Thursday, 20 December 2018

The Perfect Comeback.

I have a very bad habit of going over unfortunate events in my mind after they have happened. And I often find that the perfect response will occur to me long after the time to have made it has passed. As happened yesterday.

I have a car where the hatchback is moved up and down by a push button, rather than having to be lifted or lowered by hand. As I was opening it in the grocery store parking lot yesterday, an elderly and somewhat untidy man was walking by.

 "Wouldn't you like it if your husband had a button like that?" he said, jovially.

I was rendered speechless. There is nothing, NOTHING, about me that ought to render me vulnerable to even mild misogynist jokes. I am an old and somewhat untidy lady. wearing a shapeless coat and with short white hair. What is with the 'all women want sex' message to someone like me? I just stared at the poor idiot and he trotted on, chuckling.

About half way home (half an hour drive), it came to me. What I should have said.

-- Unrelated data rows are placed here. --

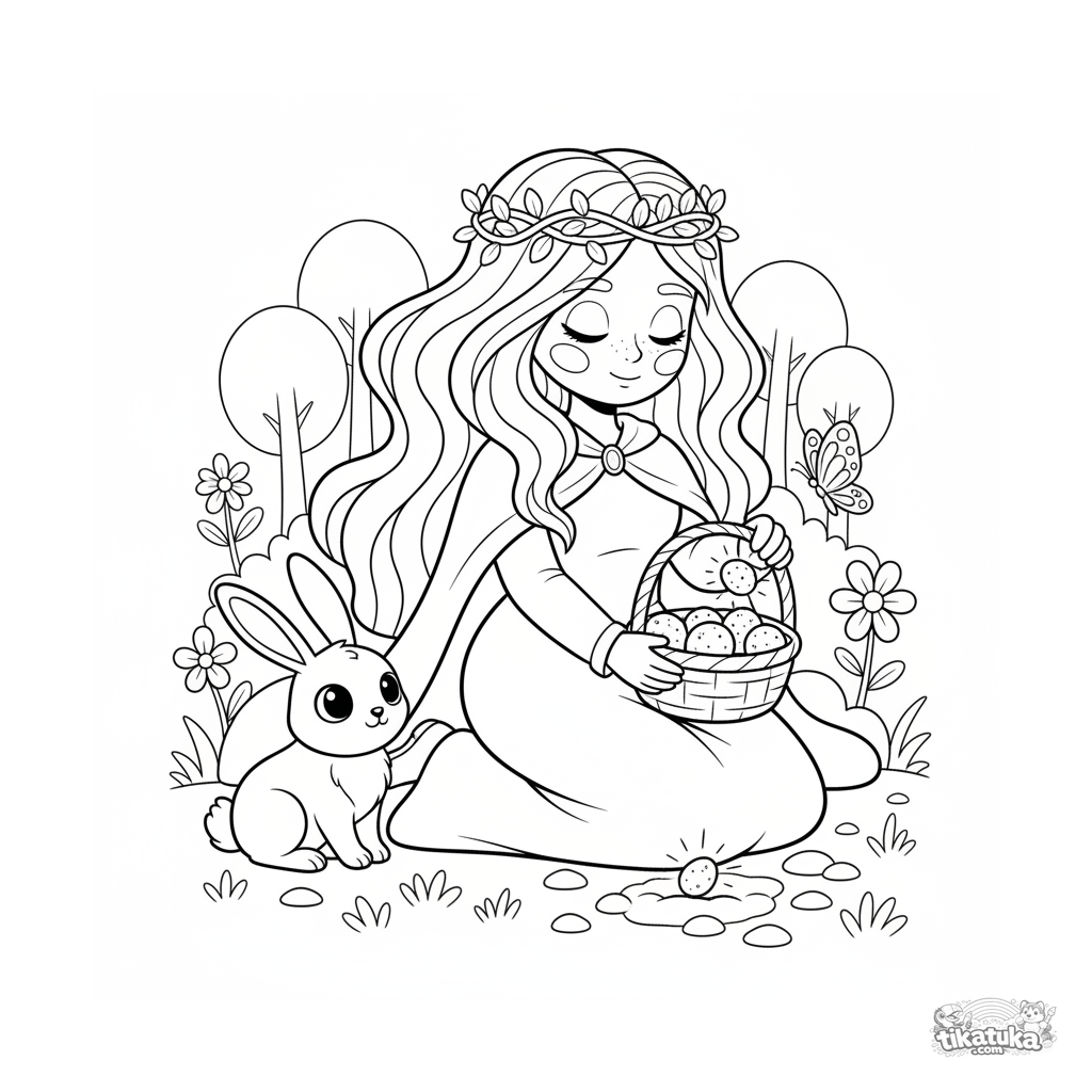 Ausmalbild für Kinder 4-6: eine Waldprinzessin pflanzt magische Samen auf einer Wiese mit einem Hasen und einem Schmetterling.
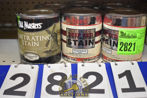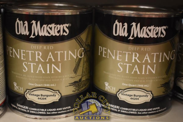 LOT OF 6 QTS OF OLD MASTER DEEP RED PENETRATING STAIN
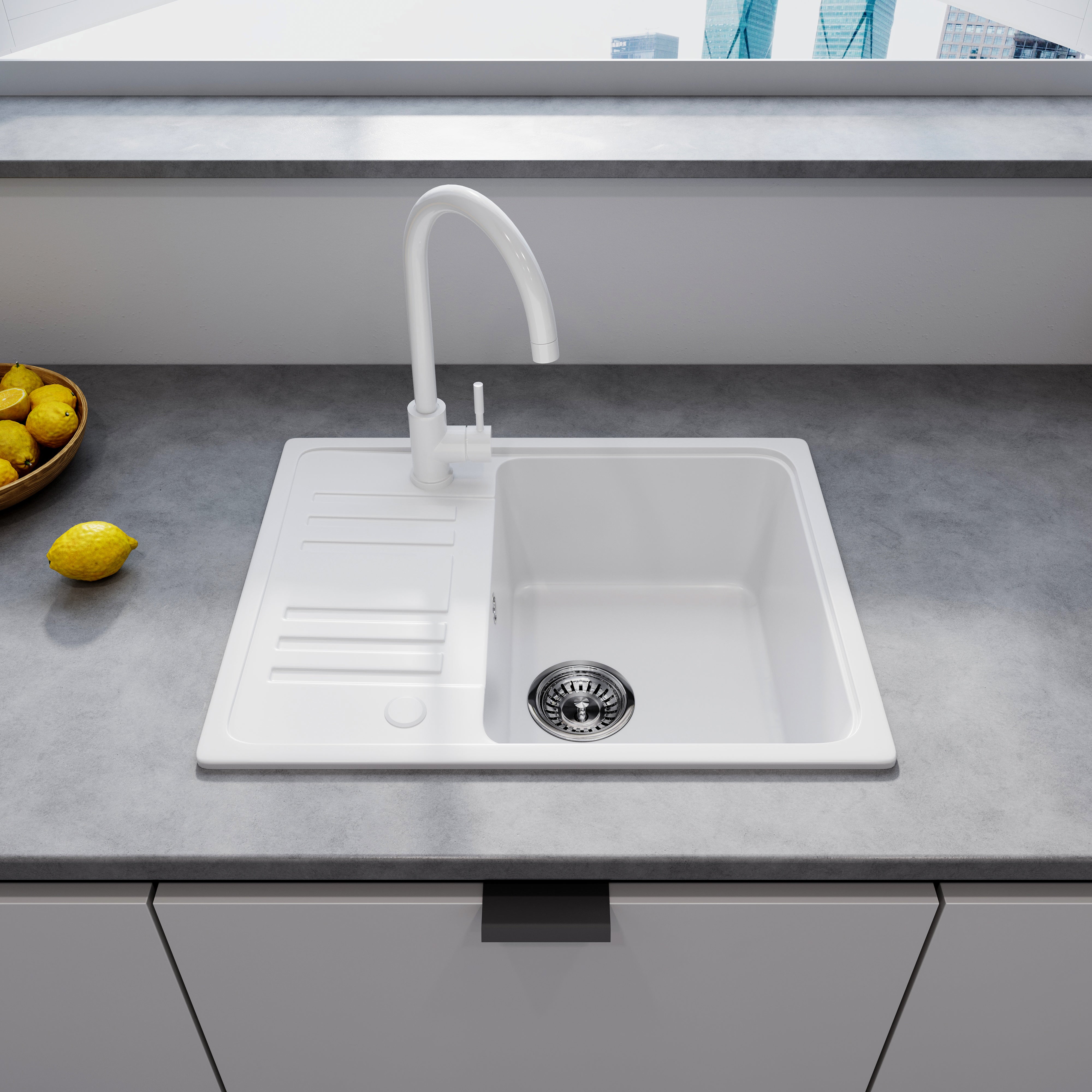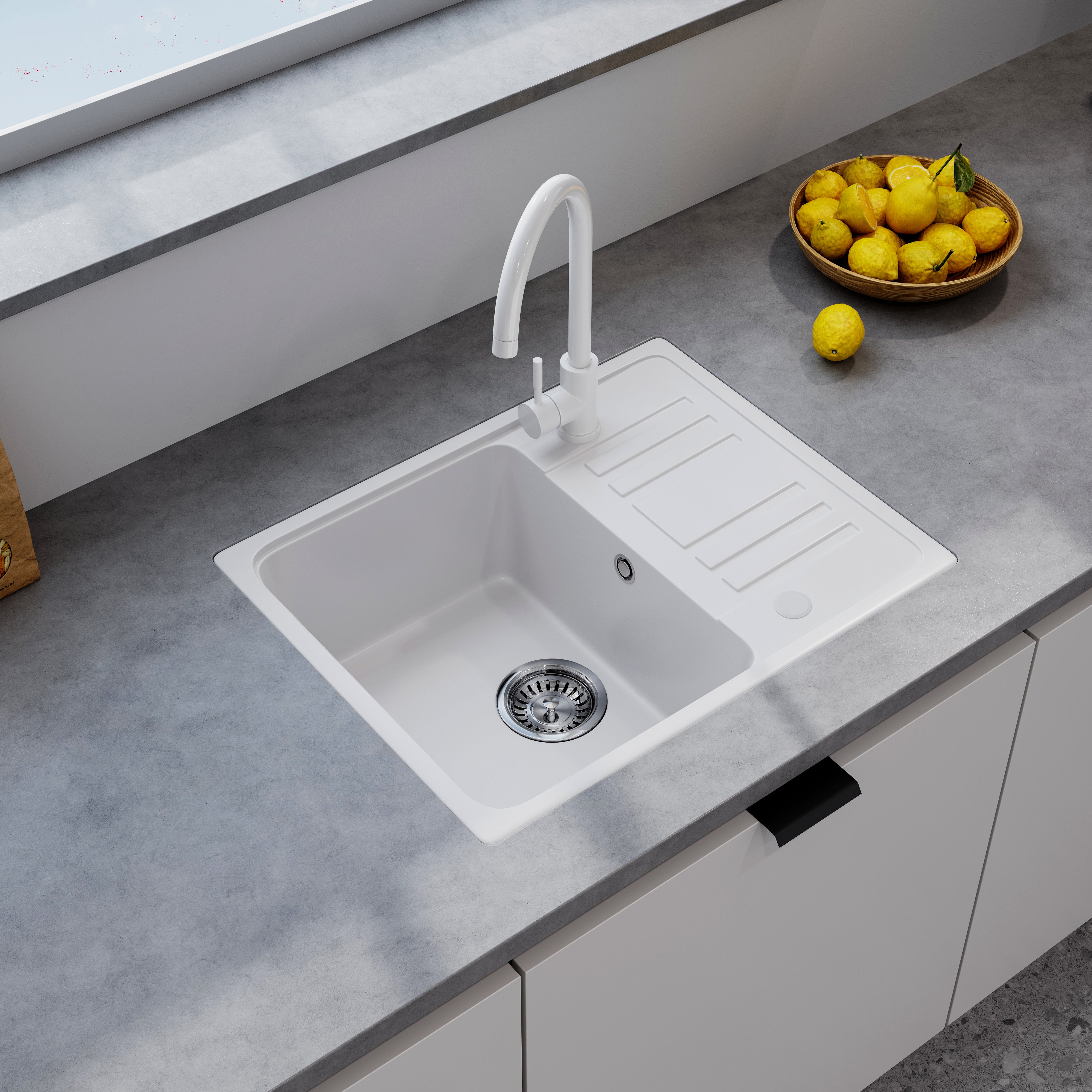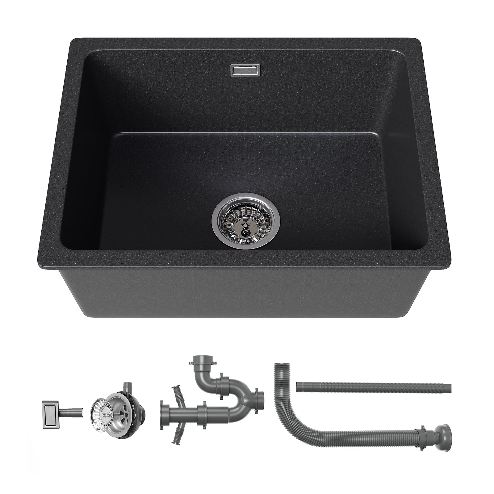 HOROW A02R-S5643B Granitspüle Schwarz 56×43 cm, Kratzfest, eckig, pflegeleicht

"This  button also shuts it up. If you have a similar button, allow me to use it."

Oh well.


  1. Sigh. Men. Here in the US, I find myself particularly annoyed with all of them at present, just On Principle.

    They are lately empowered--they think--to say anything at all to anyone, especially women. I simply say, loudly, to all of them, "Why are you talking to me!?" It usually frightens them into shutting up and scurrying away.